13.6 Costs of Arbitration. Unless the arbitrators decide otherwise, each party will bear the expense of its own arbitration activities, including its appointed arbitrator and any outside attorney and witness fees. The parties will jointly bear the expense of the third arbitrator.
Article 14
Compliance with Law
14.1 Regulatory Authority. Liberty and Customer shall comply with the applicable Federal Securities Laws and state laws, rules and regulations having jurisdiction over the Contracts and the Services.

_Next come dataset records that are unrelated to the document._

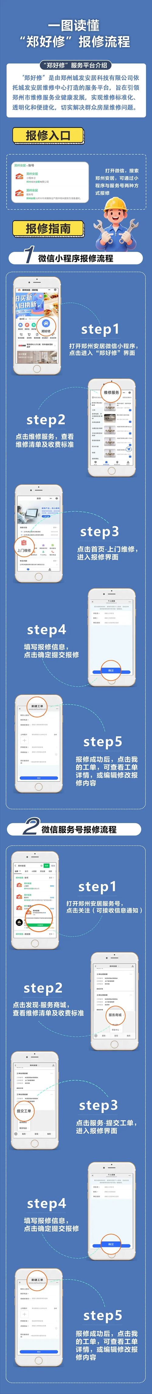 為切實(shí)解決群眾房屋維修難題,推動(dòng)鄭州市維修服務(wù)業(yè)邁向標(biāo)準(zhǔn)化、透明化、便捷化發(fā)展新征程,由鄭州城發(fā)集團(tuán)下屬子公司鄭州城發(fā)安居科技有限公司精心打造的“鄭好修”服務(wù)平臺(tái),正式上線運(yùn)營。市民通過鄭州安居微信小程序、鄭州安居微信服務(wù)號(hào),即可輕松實(shí)現(xiàn)一鍵報(bào)修,享受優(yōu)質(zhì)高效的房屋維修服務(wù)。
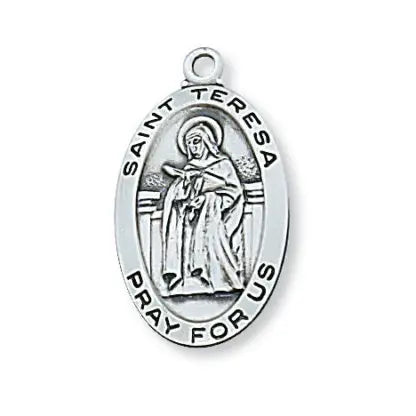 Sterling Silver St. Teresa Patron Saint of Headache Sufferers and Pain Engravable Medal with 18" Rhodium Plated Chain
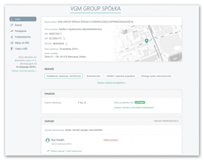 Что известно про VGM group? На сайте rejestr. io (польский аналог нашей Картотеки), сообщается что председателем совета правления VGM group c 2018 года является Ilya Volakh. Тот ли это Илья Волох, которому принадлежит ООО «Жилстройкомплект», или полный тезка — мы не знаем.
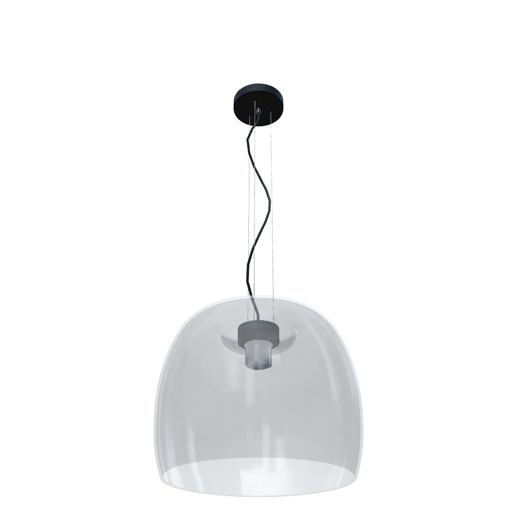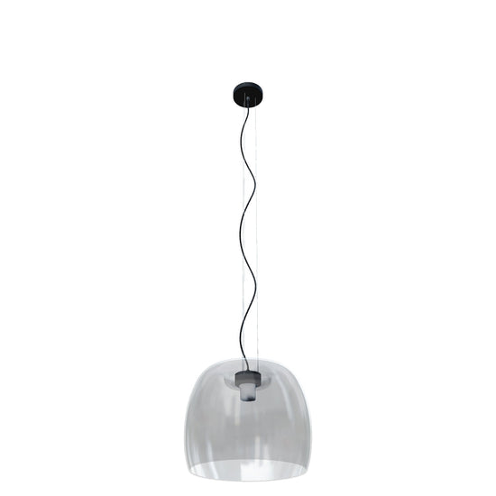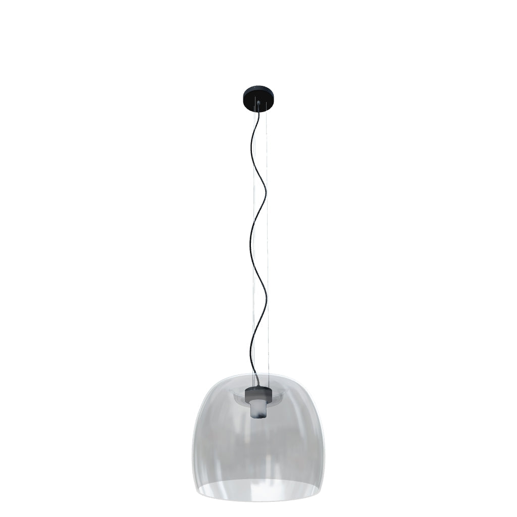 Design lasinen riipus E27-kannan LED-valonlähteelle. Lasissa esiintyvät pienet kuplat ovat valmistusprosessin tulosta eivätkä viittaa varjostimen virheeseen.
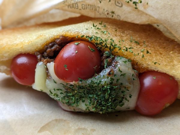 早速熱々をガブリ!カリカリのパンとタコミートが新感覚~♪タコミートはスパイスが程よく効いていて、絶品です!トロ~リチーズと、大粒の甘いミニトマトが3個も入っていて大満足でした。 正直、揚げなくても良いのでは?と思っていたのですが(笑)、カリッと揚げてあるので油っぽくなくペロリと食べることができましたよ。1か月で2500~3000個も売れるというのも納得です。
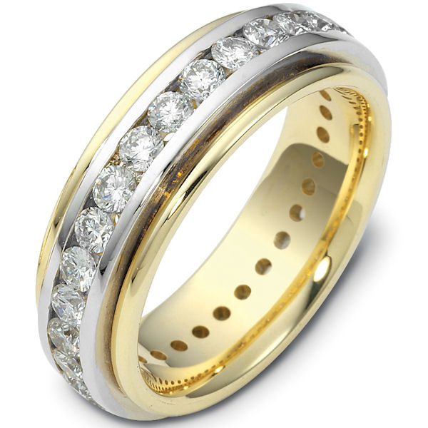 14K yellow gold, comfort fit, 6.0 mm wide, eternity band. Each diamond is 3.0 mm in diameter and diamond total weight is approximately 2.40 ct. Diamond total weight is estimated for a size 6.0 ring. The diamonds are graded as VS1 in Clarity G in Color. The whole ring is polished. Different finishes may be selected or specified.
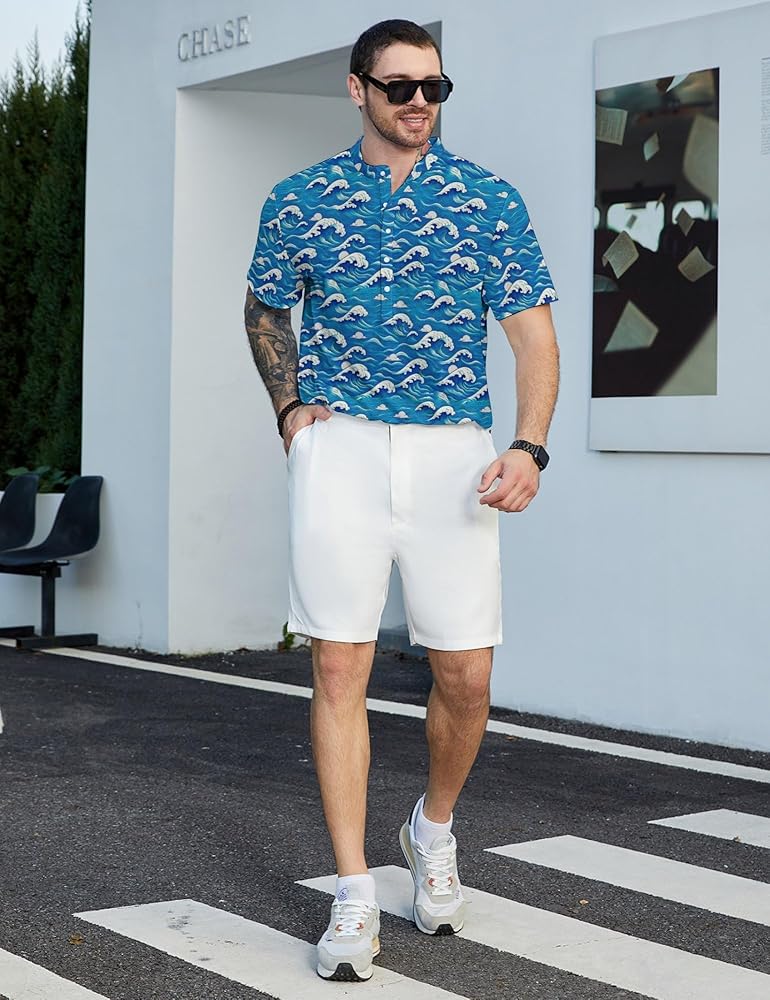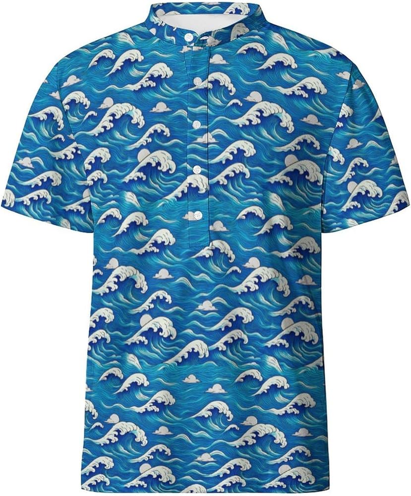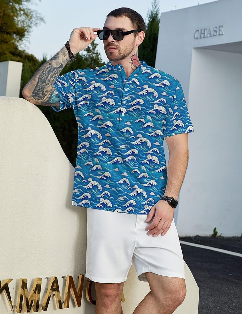 BUTTON DOWN HENLEY MEN GOLF SHIRTS PRINTED: DOPINDU mens collarless henley shirts funny print golf polos come in a variety of bold, unique, and playful print designs that combine style and function. Gym athletic henley printed shirts for men add a fun touch to the standard golf apparel, making you stand out from the usual performance polo crowd.
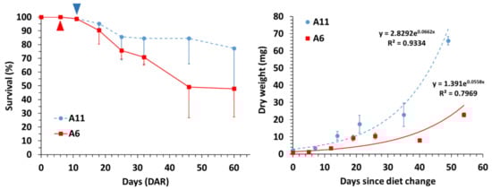 Survival (%) and dry weight (mg) in Hippocampus reidi juveniles fed on dietary schedules A6 and A11. Data are provided as means (two batches per diet) and standard deviations (vertical bars). Triangles: dietary shift (from copepods to Artemia nauplii) in A6 and A11.

14.2 Other State TPA Requirements. To the extent required by applicable law, the provisions of any current state insurance laws regulating third party insurance administrators that must be incorporated into an agreement of this type are hereby incorporated by reference into this Agreement to the extent applicable, including, but not limited to, the provisions of all of the following: Alaska Stat. §§ 21.27.630 to 21.27.650; Arizona Revised Statutes §20-485 to §20-485.12; Arkansas Code Xxx. §§00-00-000 to 00-00-000; California Insurance Code §§1759 to 1759.10; Delaware Code §§311, 2304(16) and 2312 and Delaware Regulation 1406; Florida Stat. §§626.88 to 626.894; Georgia Code §§00-00-000 to 00-00-000 and Georgia Admin. Comp. Ch.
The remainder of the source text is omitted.